/netflix

messing with netflix prize data

Primary LanguageC++

more info: http://sharnett.github.com/netflix/

TO RUN C++ VERSION:
make a new directory called "cpp" in the netflix data folder (need ~1.5 GB space)
edit the file "data_folder.txt" to point to the netflix data folder
make all
./create_binaries
./probe_bs
./funk -i

uses alglib (source already included) http://www.alglib.net/

logs crap to a sqlite3 database, this is optional

on Linux, needs BLAS

--------------------------------------------------------------------------------
a ton of files, what are they?

* alglib
    Code for L-BFGS and non-linear conjugate gradient

* best_avgs
* train_and_dump_avgs
    Solves least squares problem to find an offset for each movie and user. The
    base prediction for movie i and user j is then 
        \p_ij = \mu + \mu_i + \mu_j
    Where \mu is the overall average rating, \mu_i is the offset for movie i,
    and \mu_j is the offset for user j. It cross-validates against the probe
    set to find the best choices that prevent over-fitting.
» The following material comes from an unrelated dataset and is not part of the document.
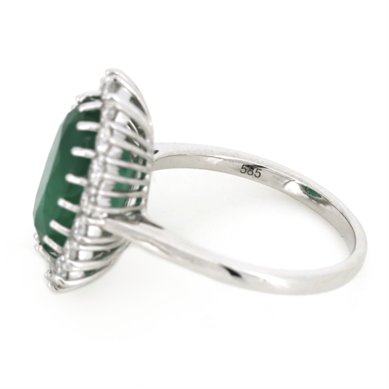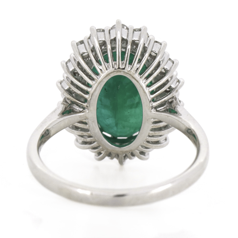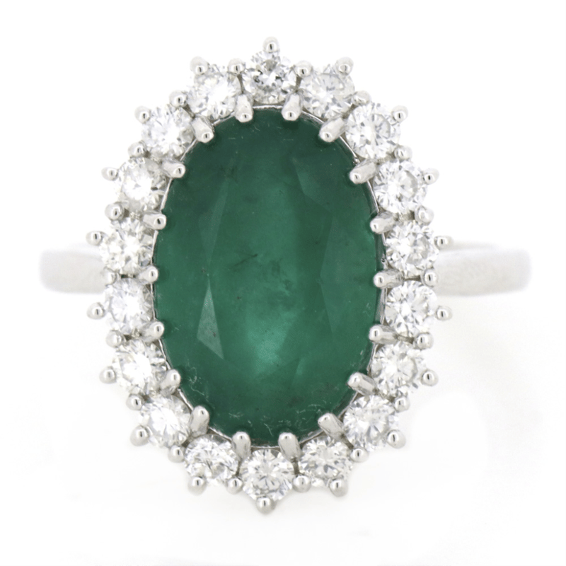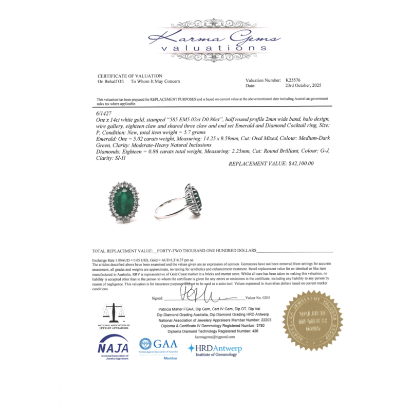 14K WHITE GOLD, EMERALD AND DIAMOND, HALO RING. THE CENTRE FEATURES, ONE OVAL CUT, MEDIUM DARK GREEN, EMERALD (5.02CT, MODERATE-HEAVY INCLUSIONS), MULTI-CLAW SET. SURROUNDING THE CENTRE IN A HALO ARE, 18 ROUND BRILLIANT CUT, DIAMONDS (0.86CT TDW, G-J COLOUR SI-I1 CLARITY), CLAW SET. RING SIZE P. Valuations Provided by an Independent Third-Party Professional Not Directly Associated With Lloyds Auctions at AUD $$42,100.00This valuation has been conducted by an independent third-party professional. The valuation amount is an assessment by the issuing valuer and does not reflect the auction value of the item. Any inquiries regarding the valuation should be directed to the issuing valuer (refer to contact details on the certificate), as Lloyds Auctions has no affiliation or influence over the valuation, the valuer, or the stated amount. Condition: Good - Refer Images 0645877+5207

This is explained
    a bit more in the "Winners' paper" link.

    best_avgs finds the optimal regularization parameter. The other code solves
    with this parameter and write the result to disk.

* best_lambda
    Finds best regularization parameter for a given number of features.

* create_binaries
    Reads in the Netflix Prize data from the text files and converts it to more
    convenient binary format for fast loading.

* find_average
    Finds overall average rating, sum(ratings)/len(ratings)

* fmin
    Some freely available code for minimizing a 1D function over an interval 
    without using derivatives. It's the same algorithm as MATLAB's fminbnd. This
    gets used when tuning meta-parameters during cross-validation.

* funk
    Main program

* load
    Helper functions to read various data from disk.

* optimizers
    Code for L-BFGS, CG, SGD, GD

* predictor
    Class that predicts ratings. Maintains a user and movie matrix, the product
    of which is the predictions matrix.

* probe_bs
    Removes ratings in the probe set from the data to get a pure training set.
    The probe set is then used for cross-validation.